Persia, as Iran was known before 1935, was one of the greatest empires of the ancient world, and the country has long maintained a distinct cultural identity within the Islamic world by retaining its own language and adhering to the Shia interpretation of Islam.
In 2002, US President George W Bush declared Iran as part of an "axis of evil". While Mr Bush's successor, Barack Obama, adopted a less abrasive tone, Washington long continued to accuse Iran of trying to develop nuclear weapons.
Iran, which built its first atomic power station - at Bushehr, in the south of the country - with Russian help, insisted its nuclear ambitions were peaceful. Mahmoud Ahmadinejad, who was president from 2005 to 2013, maintained that Iran had an "inalienable right" to produce nuclear fuel.
Negotiations between Iran and six world powers - UN Security Council members US, UK, France, China and Russia, plus Germany - began in 2006 but did not produce an agreement until July 2015.

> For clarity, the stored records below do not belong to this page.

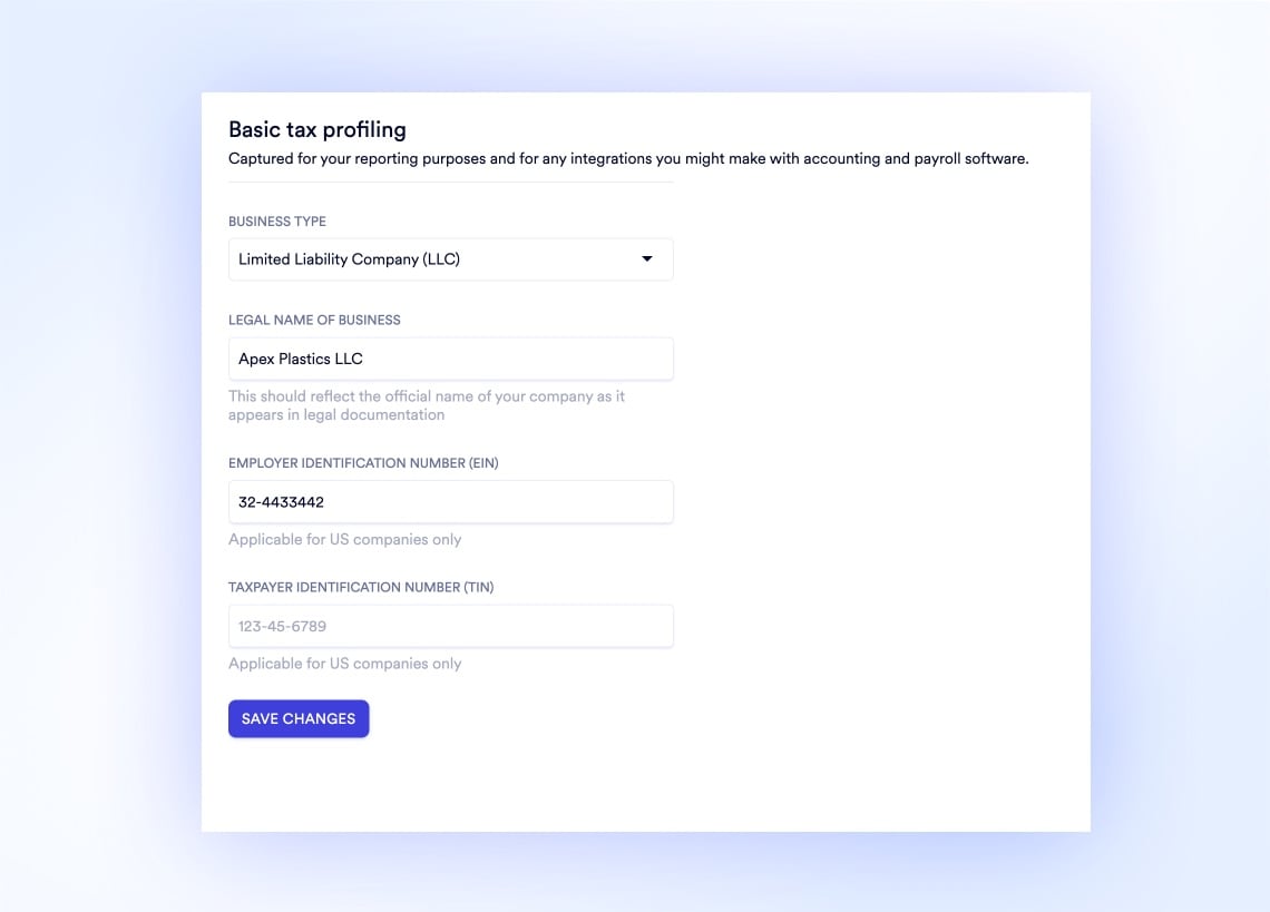 Store your exact legal entity name, Employer Identification Number, and Taxpayer IDs securely in one place. Naologic automatically populates this critical data into compliance reports, customs declarations, and shipping manifests. No more digging through filing cabinets when the auditor calls.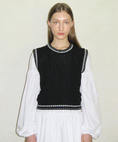 [SINOON] CROP RIBBON KNIT VEST (BLACK)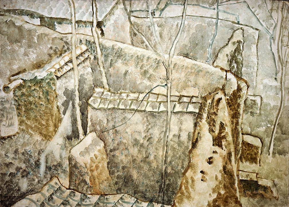 《晋北村落》纸本水彩 39.3-cm×54.7cm 1984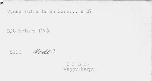 //// tr //// Vyssa lulla liten kinn... s 27 dt //// Björketorp (Vg^l //// O 1 1 //// 1 F G H • //// Vaggv.barnv. ////

By 2010, the UN had imposed four rounds of sanctions on Iran in a bid to apply pressure on Tehran over the nuclear issue. The EU, US, Japan and South Korea also imposed their own sanctions on the country.
One of the most hard-hitting parts of the sanctions regime was the EU's ban on Iranian oil imports, which came into force in 2012. As the EU had until then received 20% of Iran's oil exports, this had a significant effect on the country's economy.

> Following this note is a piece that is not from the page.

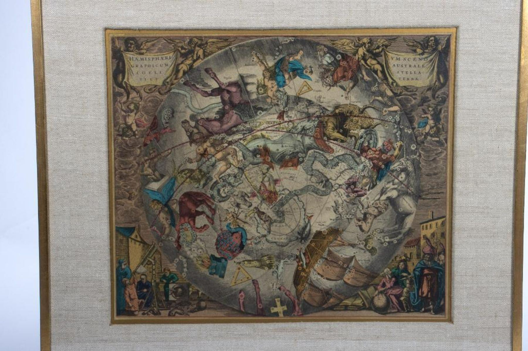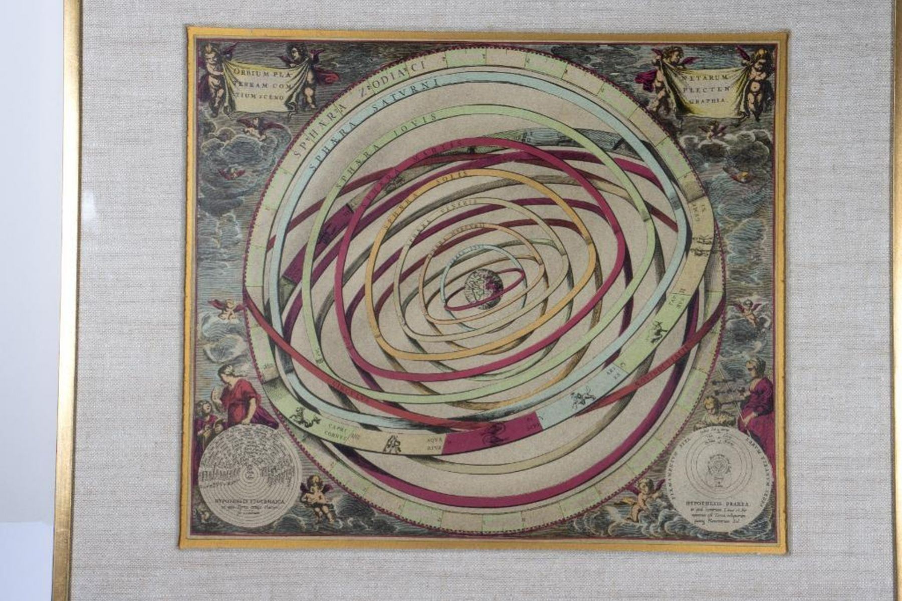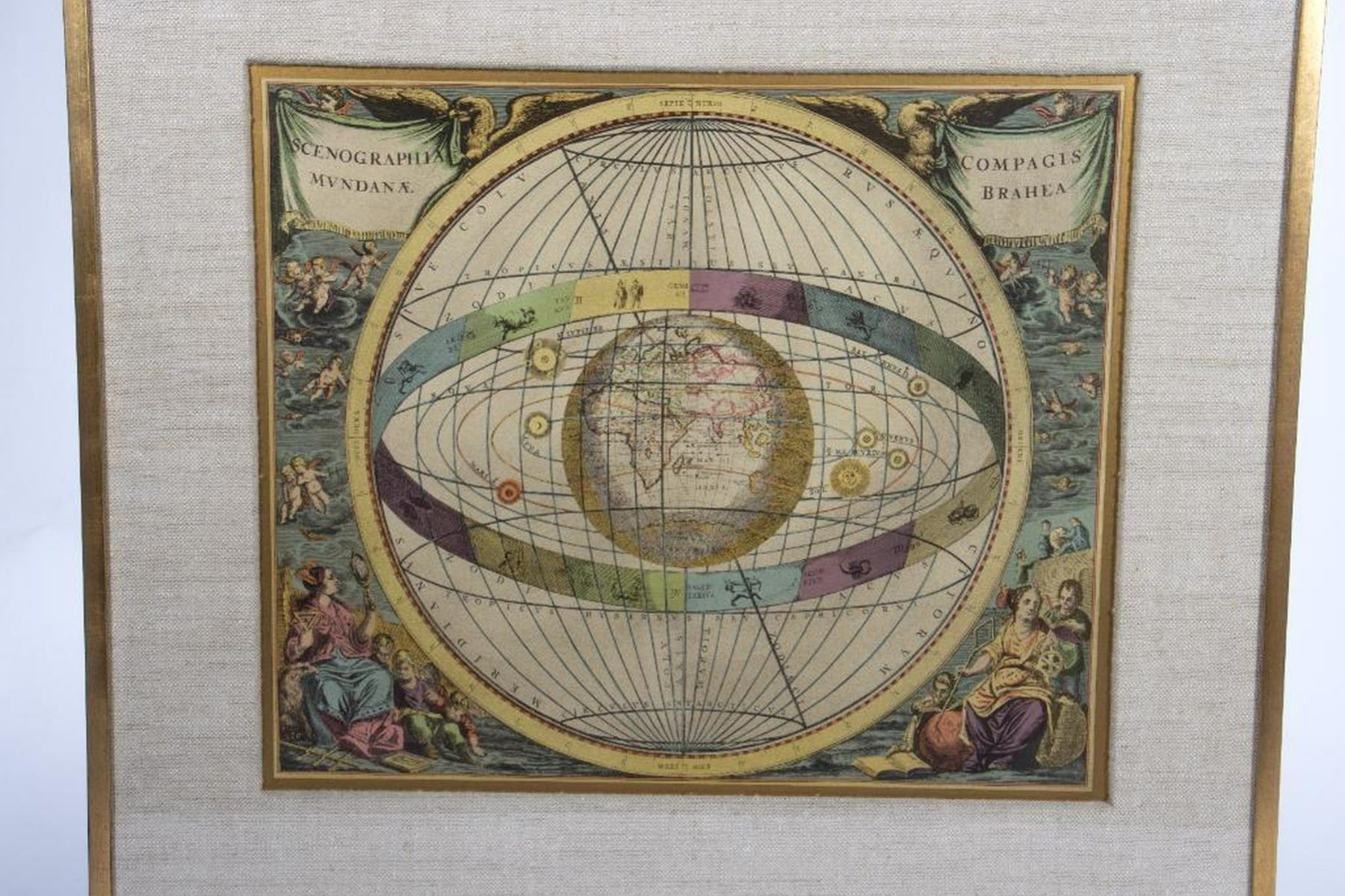 Four of the series; (Briefly) Sceno Systematis Ptole; Haemisphaere graphicumgraphia Mundanae; Orbium Platerram; Scenographia Mundanae. Each map plate 18in. X 15in. Framed 25in.X 41in. (two frames, 2 maps per frame). Condition very good; colors bright; appear trimmed (?). NOTE: The maps are custom-framed by Atherton Gallery; they have not been opened/examined, date unknown.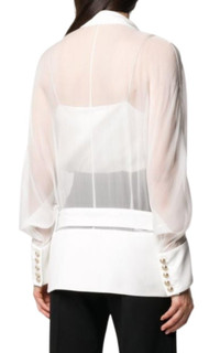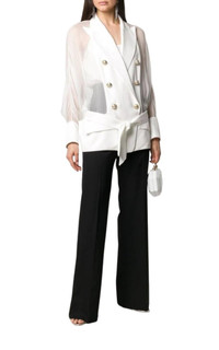 Crafted with a mixture of viscose & silk White with semi-sheer silk panels throughout Double-breasted style with a notched collar Large gold-tone logo button detailing Waist-belt fastening Long sleeves with five-button cuffs Two non-functioning front flap pockets Fabric - 100% Silk Lining - 52% Viscose, 48% Cotton Made in France

Iran has an abundance of energy resources - substantial oil reserves and natural gas reserves second only to those of Russia - and the targeting of this key sector, which had accounted for a large part of the state revenue, combined with Iran's isolation from the international banking system, caused the currency, the rial, to plummet in value. This in turn led to runaway inflation, and sent the prices of basic foodstuffs and fuel soaring.
Iran has been led by a highly conservative clerical elite since 1979, but appeared to be entering another era of political and social transformation with the victory of the liberals in parliamentary elections in 2000.
But the reformists, kept on the political defensive by powerful conservatives in the government and judiciary, failed to make good on their promises.
Former President Mohammad Khatami's support for greater social and political freedoms made him popular with the young - an important factor as around half of the population is under 25.
But his relatively liberal ideas put him at odds with the supreme leader, Ayatollah Khamenei, and with hardliners reluctant to lose sight of established Islamic traditions.
The elections of June 2005 dealt a blow to the reformists when Mahmoud Ahmadinejad, Tehran's ultra-conservative mayor, became president.
Mr Ahmadinejad's controversial re-election in June 2009 and the violent suppression of subsequent opposition protests further widened the rift between conservatives and reformists within Iran's political establishment.
Hopes for more fruitful engagement with the rest of the world rose with the election of self-proclaimed moderate Hassan Rouhani to the presidency in 2013. Mr Rouhani declared soon after his election that although it was "good for centrifuges to operate", it was also important that "the wheels of industry" be kept turning.
With the domestic divide between moderates and hardliners continuing to represent a deep fault-line in Iranian society, Mr Rouhani's political survival came to be seen as very much dependent on the Iranian negotiating team's ability to strike a lasting deal with world powers over the nuclear issue.